Both literal and figurative, outside the box photography takes the visual experience beyond the normal, conventional, expected, or average to the next level.
Most architectural photography is confined to the limits of the 35mm frame. In many instances, this is "ok." But, there is often the urge to go further, extend the vision of the project beyond what is conventionally visible in a photograph.
Frequently, important details exist above and below the borders of the 35mm frame. What does the ceiling look like? Why are the woman's feet cut off? To overcome issues like this which diminish the image, two sets of photos are shot, one for the top half of the scene and one for the bottom half of the scene.
Using sophisticated shooting and post processing techniques, the two halves of the image are combined.
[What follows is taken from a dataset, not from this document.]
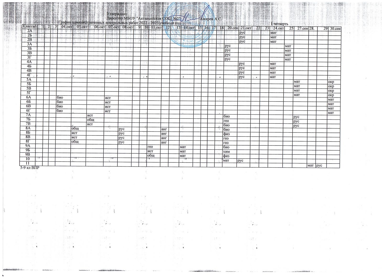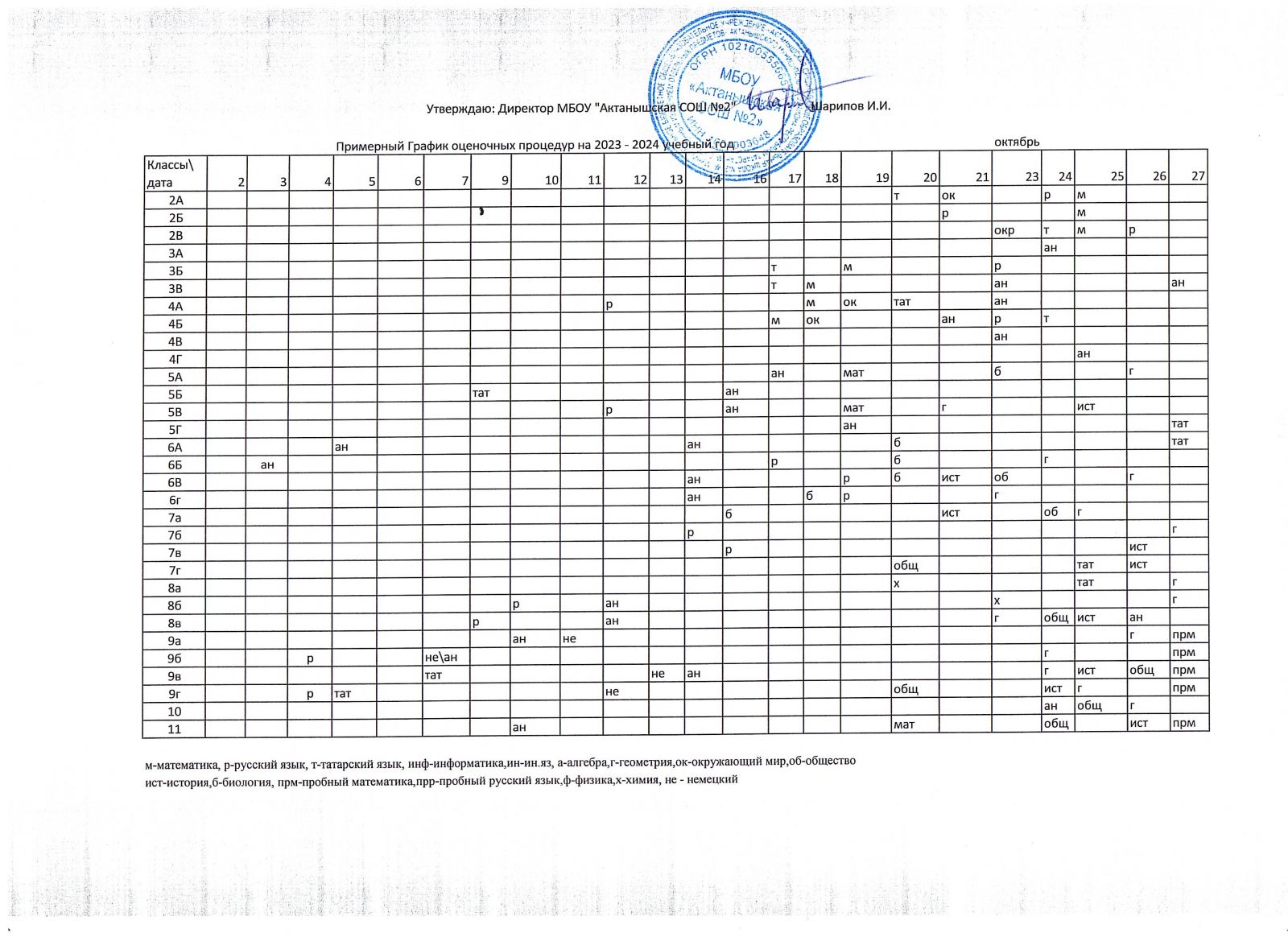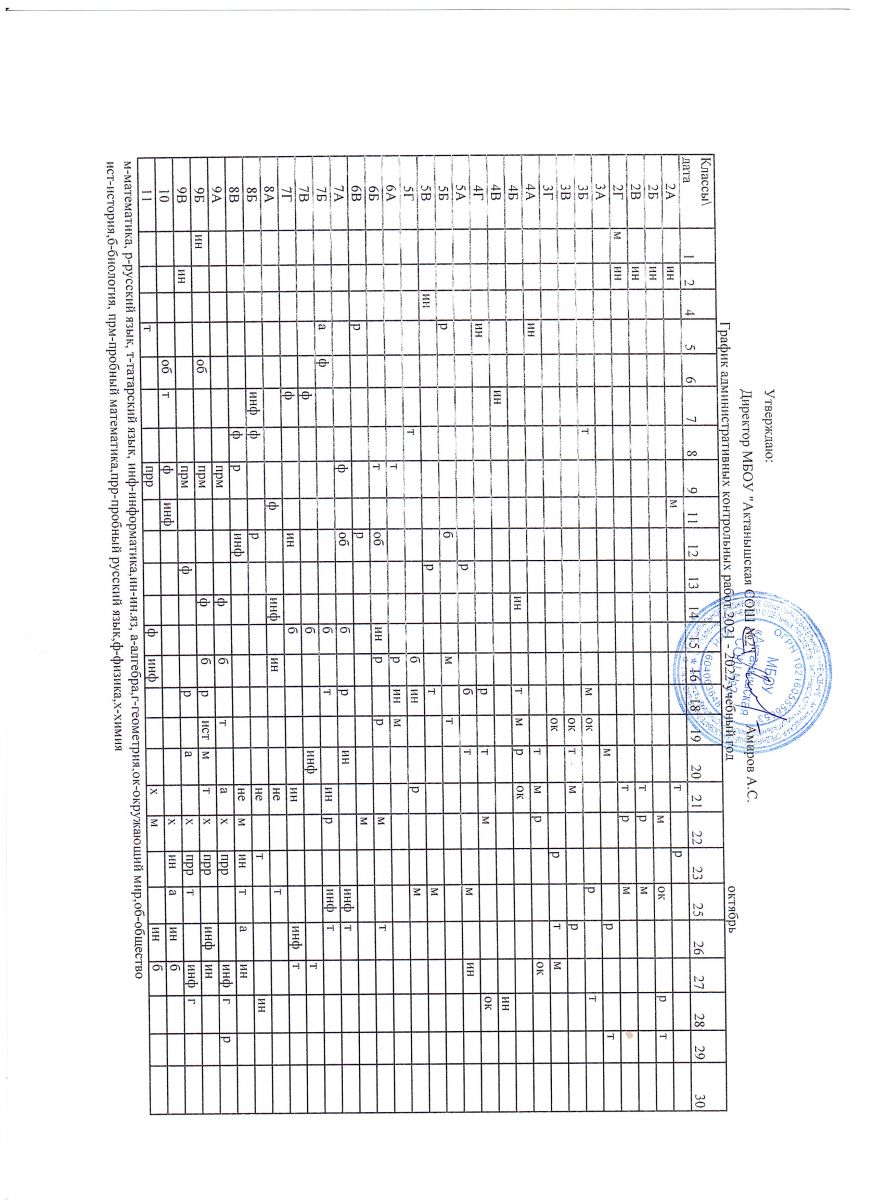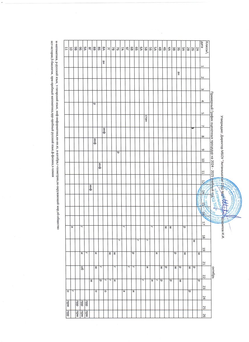 Примерный график оценочных процедур (октябрь)

Called a vertical panorama, the resulting final image is more dynamic showing more of the floor, the near subject's feet, and the ceiling detail giving a more complete story of the project. Literally, outside the box.
Another example of outside the box photography is horizontal panoramas. Going wide is more dramatic and provides more context to a project. In this case, a set of four images were taken using a panoramic tripod.
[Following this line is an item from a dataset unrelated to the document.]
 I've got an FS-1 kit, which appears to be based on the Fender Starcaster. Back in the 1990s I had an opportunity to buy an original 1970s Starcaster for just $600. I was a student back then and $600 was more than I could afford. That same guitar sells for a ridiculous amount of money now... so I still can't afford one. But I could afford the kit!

Using a sophisticated stitching application, the photos are combined to form one impactful image. Many clients find numerous uses for this type of image, particularly for banner photos on web sites.
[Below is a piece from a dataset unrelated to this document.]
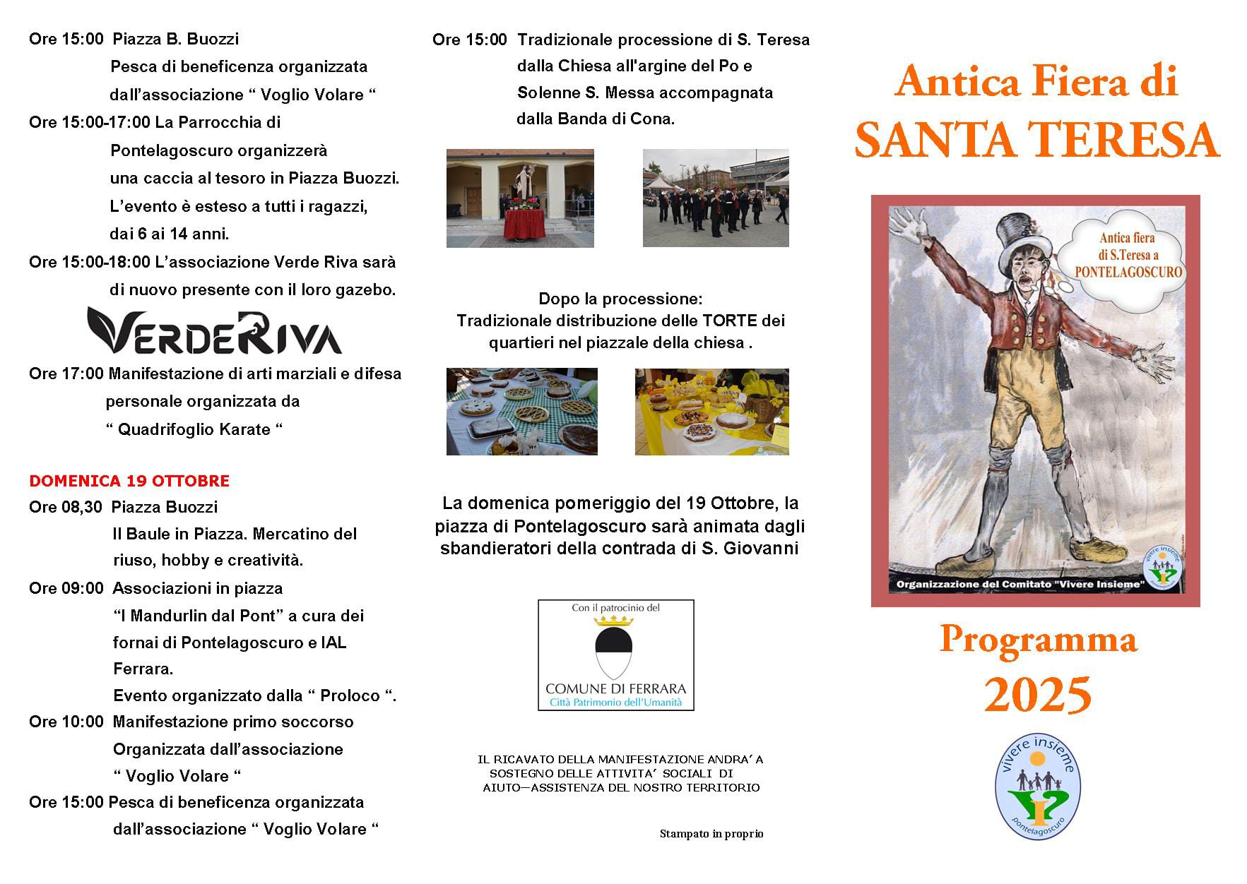 Nelle foto alcuni momenti della presentazione della Fiera Santa Teresa di Pontelagoscuro con l'ass. Angela Travagli e il pieghevole con il programma, che riporta l'illustrazione storica di Walter Ferrari

SILVERMAN uses a narrative approach to creating compelling portraits. Prior to shooting, time is set aside to get to know each person. As each person talks about themselves and what they do, they relax and frequently demonstrate the best poses and expressions for them. Once the photography begins, an ongoing dialogue results in authentic, genuine expression. More dramatic lighting, unorthodox camera positions, and off axis composition help us to go further. Upon seeing her photos, one of my clients actually said, "Wow! Those are outside the box!"